Source: Xtelligent Media
Bars, slopes, or other elements used to compare two or more datasets should not be manipulated to show exaggerated differences between values, nor should inconvenient outliers be omitted unless there is a justifiable statistical reason for doing so.
Vertical and horizontal axes, titles, legends, and all other data elements should be labeled clearly on the visualization or with an accompanying key. If the visualization uses colors or gradations, they should be distinct and consistent.
“More and more users are able to pick up on those subtle tweaks that are often used to skew the viewer’s opinion one way or another,” Shah said. “Inconsistencies aren’t going unnoticed. Visual tricks aren’t going to pass muster.”
“If you create poor illustrations, you erode the trust in the data, even if the data itself is perfectly accurate. The visualization has to be trustworthy, because that is how the user is engaging with the underlying information.”
While organizations should not waste too much time on flashy animations or interactive features developers should pay attention to the fundamental aesthetics of fonts, colors, and spacing.
“Time is money, and you don’t want your user sitting there for hours waiting for all the bubble graphs on your dashboard to pop up, but it’s very important to consider basic elements of design consistency when you offer up a presentation,” said Shah.
“A really poor user experience will distract from the data, even if the numbers themselves are presented appropriately.
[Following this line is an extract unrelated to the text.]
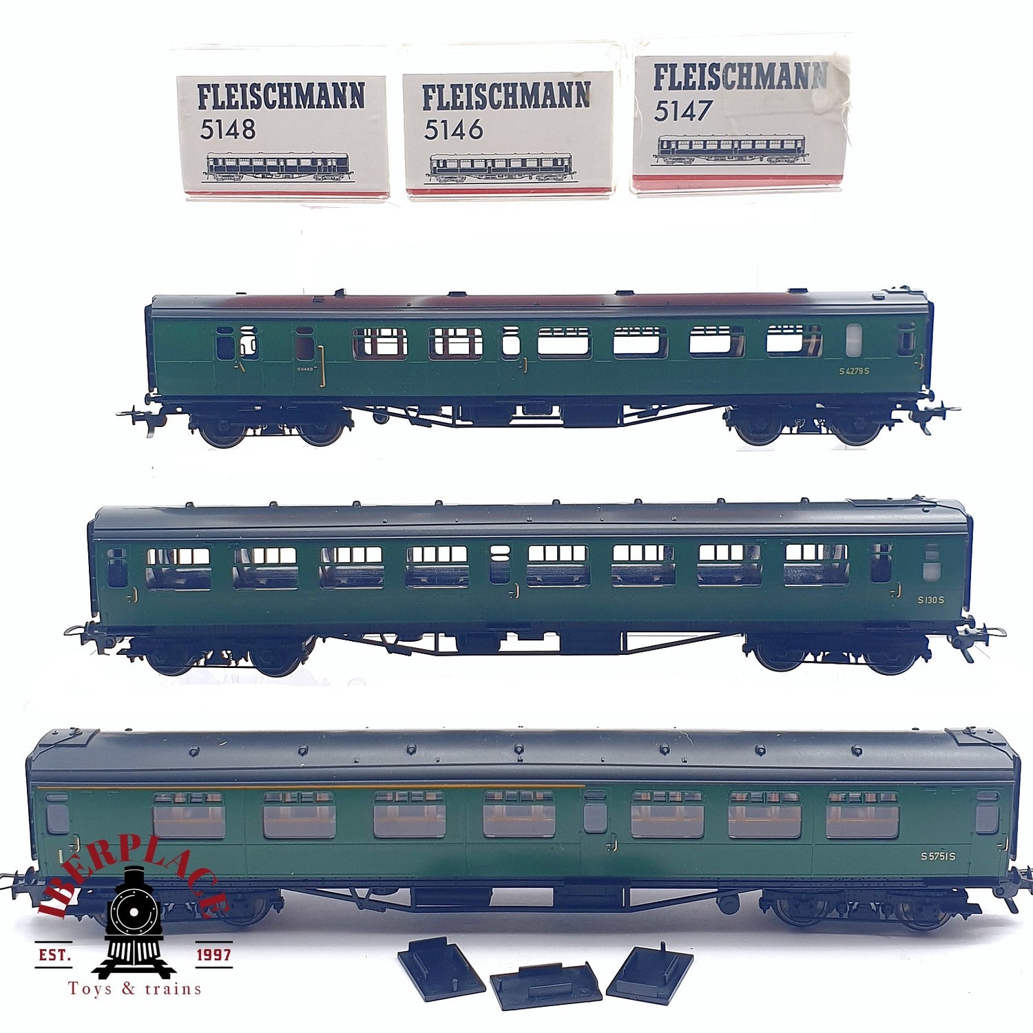 ♻️ 2da mano - DC Fleischmann 3x vagones pasajeros Ferrocarriles Británicos H0 escala 1:87

The focus should always be the data. The visualization is there purely to make the data easier to consume.”
As healthcare organizations become more reliant on their big data assets to make decisions about patient outcomes and financial strategies, good data visualization habits will become increasingly crucial for ensuring that information is interpreted and utilized appropriately.
Creating striking, engaging, and meaningful data visualizations can help to break down even the most complex and convoluted healthcare problems into manageable component parts, giving providers a new level of insight into how to deliver the highest quality care to patients while succeeding with their strategic goals.